L5 (Fully Autonomous Research): The ultimate vision of self-directed agents that can independently establish research agendas, allocate computing budgets, continuously accumulate cross-disciplinary knowledge, and conduct long-term research. L5 remains unachieved, primarily constrained by the bottleneck of continuous knowledge retention and reliable self-evaluation.
The survey also highlights four fundamental architectural paradigms that power modern agents:
1. Single-Agent Loop: Guided by frameworks like ReAct, Reflexion, LATS, and Tree of Thoughts (ToT). These simple loops are highly efficient but struggle with highly complex, open-ended tasks.
2. Multi-Agent Collaboration: Exemplified by CAMEL, AutoGen, and MetaGPT. These leverage specialized roles and cross-verification to minimize errors, though they often suffer from high token consumption and coordination overhead.
3. Hierarchical Planning: Deployed in cutting-edge agents like Devin and Claude Code. They employ top-down decomposition to orchestrate long-horizon, complex engineering or research objectives.
4. Tool-Augmented Execution: Led by systems like SWE-Agent, where the Agent-Computer Interface (ACI) and sandboxed environments (such as web browsers and code execution environments) strictly define the limits of agent capability.
In its concluding sections, the paper addresses six critical open challenges impeding progress toward L5 autonomy: cognitive loop traps, context window constraints in long-horizon tasks, the lack of automated frameworks to measure scientific novelty, reproducibility issues stemming from LLM stochasticity, safety/ethical dual-use risks, and the compounding costs of high-token workflows.

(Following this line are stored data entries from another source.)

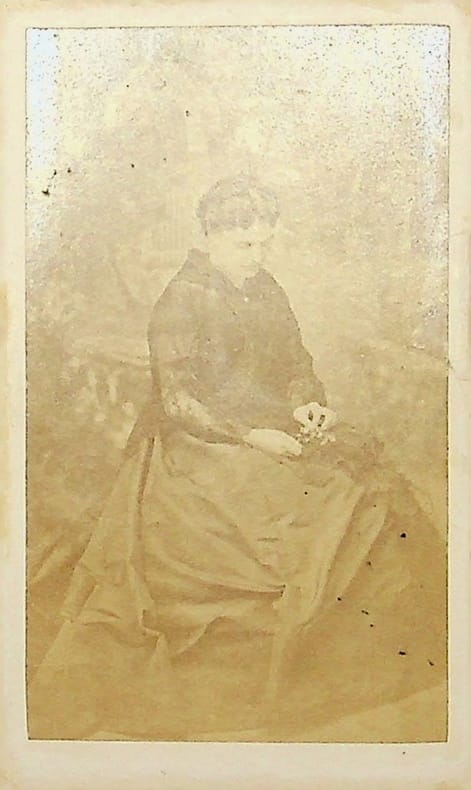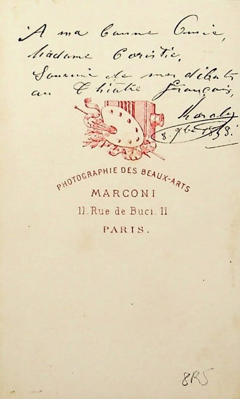 Caroline Duveau-Maubant (1832-1902), actrice de l'Odéon, dite Karoly. Photographie avec dédicace A.S., 8 septembre 1858, photographie CDV. La photographie est prise par Marconi à Paris et porte au dos la dédicace : « A ma bonne Amie madame Caristie. Souvenir de mes débuts au théâtre français. Karoly. 8 7bre 1858 ». Il s'agit probablement de l'épouse d'Augustin Caristie (architecte) ou son frère Philippe (ingénieur). [398]
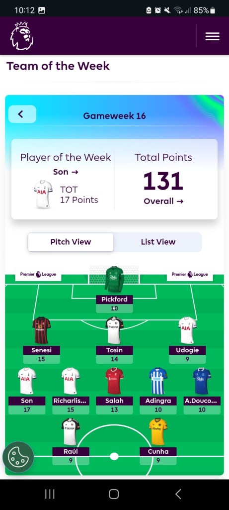 Son was Player of the Week this week getting a goal and two assists scoring some of you lucky FFUKers 17 points after an embarrassing 4-1 loss for Newcastle at the Tottenham Hotspur Stadium. Whether he’s on the left or through the centre, Son Heung-min is dangerous. Richarlison scores twice and makes it in the Team of the Week along with defender Udogie who was the first to score in the 26th minute. As for Newcastle, they look tired and in need of a rest. My double Newcastle defence killed me with Kieran Trippier having another bad game leaving him suspended for next game against Fulham due to 5 bookings, is anyone else thinking of taking him out?
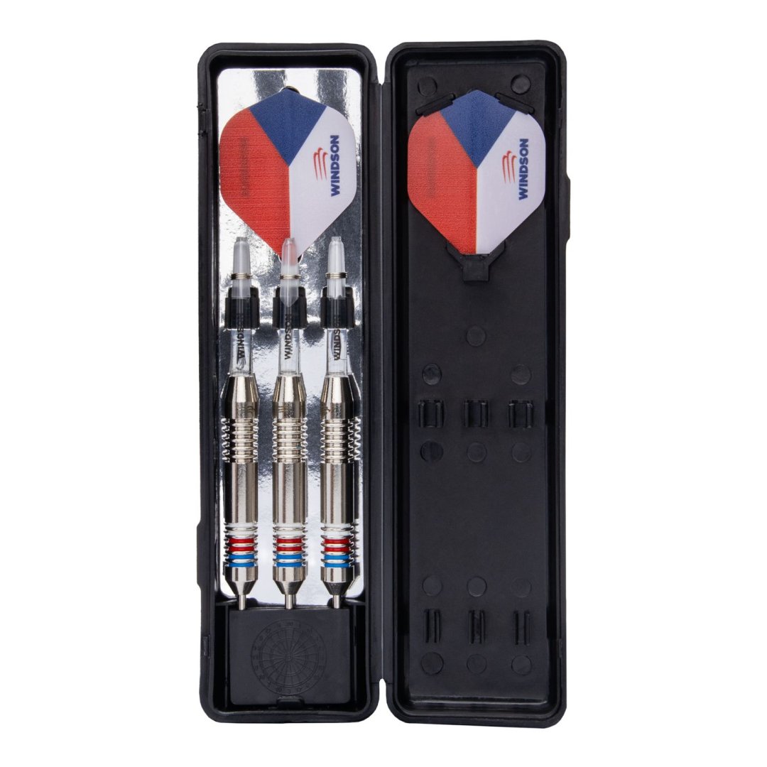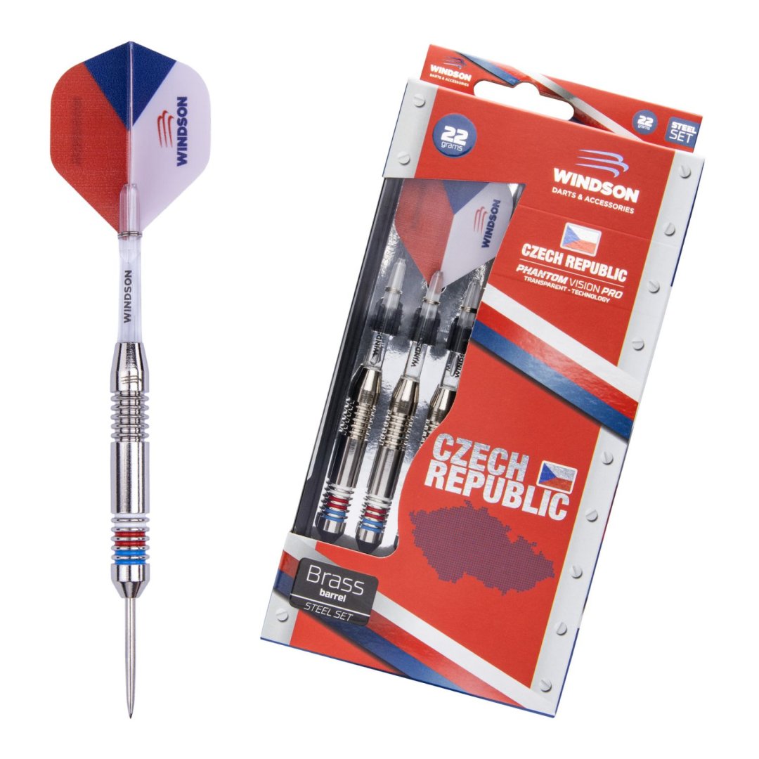 Stalowe rzutki Windson Czech to mosiężne rzutki z lufami w czerwone, niebieskie i białe paski. Projekt czerpie inspirację z czeskiej flagi. Lufy są uzupełnione nylonowymi uchwytami i listwami Windson.

[AgentUpdate Depth Analysis] Deli Chen's pioneering workflow signals a paradigm shift where AI Agents transition from simple execution assistants to authentic co-researchers. While current tools like Claude Code and Cursor have demonstrated impressive L3/L4 task execution in software engineering, applying autonomous agents to scientific research demands a much higher cognitive threshold. By integrating DeepSeek-V4-Pro with specialized research skills, this approach proves that hierarchical planning and hybrid agent architectures can successfully orchestrate long-horizon, multi-step academic pipelines. The bottleneck of future AI Agent ecosystems is shifting from raw LLM reasoning capabilities to the design of more robust Agent-Computer Interfaces (ACI) and self-correction feedback loops. As we march toward L5 autonomy, the primary challenge will be solving continuous knowledge accumulation and objective self-evaluation, ultimately redefining the division of labor between human cognitive initiative and agentic execution.